Can an OB-GYN Treat a Urinary Tract Infection?

A urinary tract infection (UTI) is an inflammatory response that occurs when bacteria colonize and multiply within the urinary tract, most commonly affecting the bladder (cystitis) or urethra. Nearly half of all women experience at least one UTI in their lifetime. Typical symptoms include a frequent, urgent need to urinate, and a burning sensation during urination (dysuria). Since many women first notice these symptoms during a routine visit, they often wonder if an Obstetrician-Gynecologist (OB-GYN) can treat this issue.

Why OB-GYNs Address Urinary Tract Infections

OB-GYNs frequently serve as primary care providers for women, making them the first point of contact for many health concerns, including uncomplicated UTIs. The female reproductive tract and the lower urinary tract (urethra and bladder) share close anatomical proximity within the pelvis. This closeness means symptoms from one system can often overlap with issues in the other, such as vaginitis or a UTI.

Bacteria, most often Escherichia coli, can easily travel from the rectum to the urethra and ascend into the bladder. An OB-GYN’s expertise in female pelvic anatomy allows them to perform a differential diagnosis, determining if the discomfort is a UTI or a gynecological issue. They are equipped to manage common, straightforward infections in this shared region and offer swift treatment to prevent progression.

The Diagnostic and Treatment Process

The diagnostic process begins with a review of symptoms and the collection of a clean-catch urine sample. This sample is immediately tested using a urinalysis dipstick, which checks for nitrites and leukocyte esterase, chemical markers suggesting a bacterial infection. While a positive dipstick result supports a diagnosis, a urine culture is often sent to the laboratory to identify the specific bacteria.

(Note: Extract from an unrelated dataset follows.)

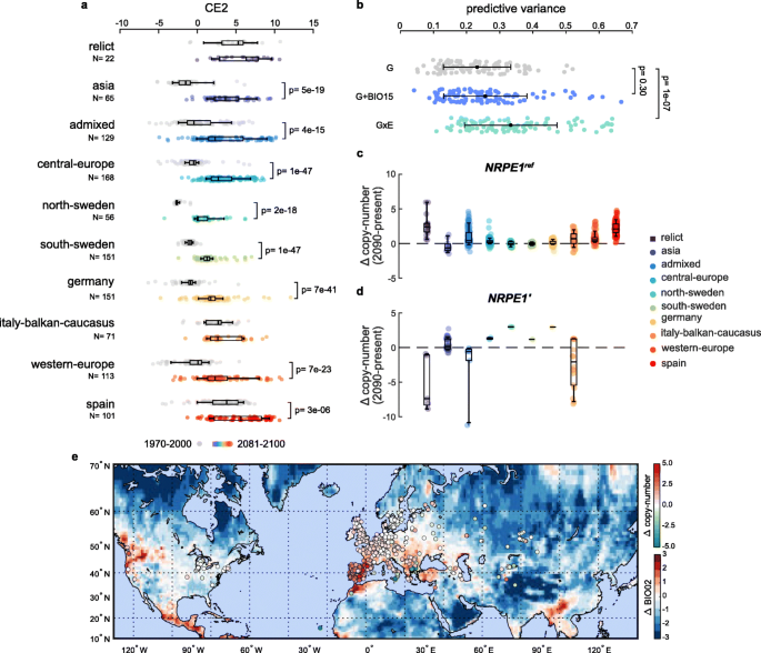 结果解读:模型预测显示,未来地中海地区的转座子转座活性将显著增加;携带NRPE1参考等位基因的材料在大部分地区转座活性升高,而携带NRPE1"等位基因的材料在意大利南部、巴尔干半岛等地区转座活性降低,在瑞典等高纬度地区转座活性升高,表明遗传与环境的交互作用将显著影响未来转座子的活性分布。

For an uncomplicated UTI, treatment involves a short course of oral antibiotics. Common first-line treatments include nitrofurantoin (prescribed for five days) or trimethoprim-sulfamethoxazole (TMP-SMX), often given for a three-day course. These regimens effectively eradicate the bacteria and are favored over longer courses to mitigate the risk of antibiotic resistance. Symptomatic relief for burning pain can be provided with a urinary analgesic, such as phenazopyridine.

When a Specialist Referral is Necessary

While an OB-GYN can effectively manage most acute, uncomplicated UTIs, certain situations warrant a referral to a specialist, such as a Urologist or Urogynecologist. This need arises when the infection is classified as complicated or suggests an underlying structural or functional issue.

Complicated Infections

An infection is considered complicated if it presents with signs that the infection has spread beyond the bladder. These signs include fever, chills, or pain in the flank region, which suggests pyelonephritis (a kidney infection).

Recurrent Infections

A referral is also appropriate for recurrent UTIs, defined as three or more infections within a 12-month period or two or more within six months. This pattern suggests a deeper issue, such as structural abnormalities or the need for a comprehensive preventative strategy. Urologists and Urogynecologists perform advanced diagnostic procedures and implement long-term management plans for these persistent cases.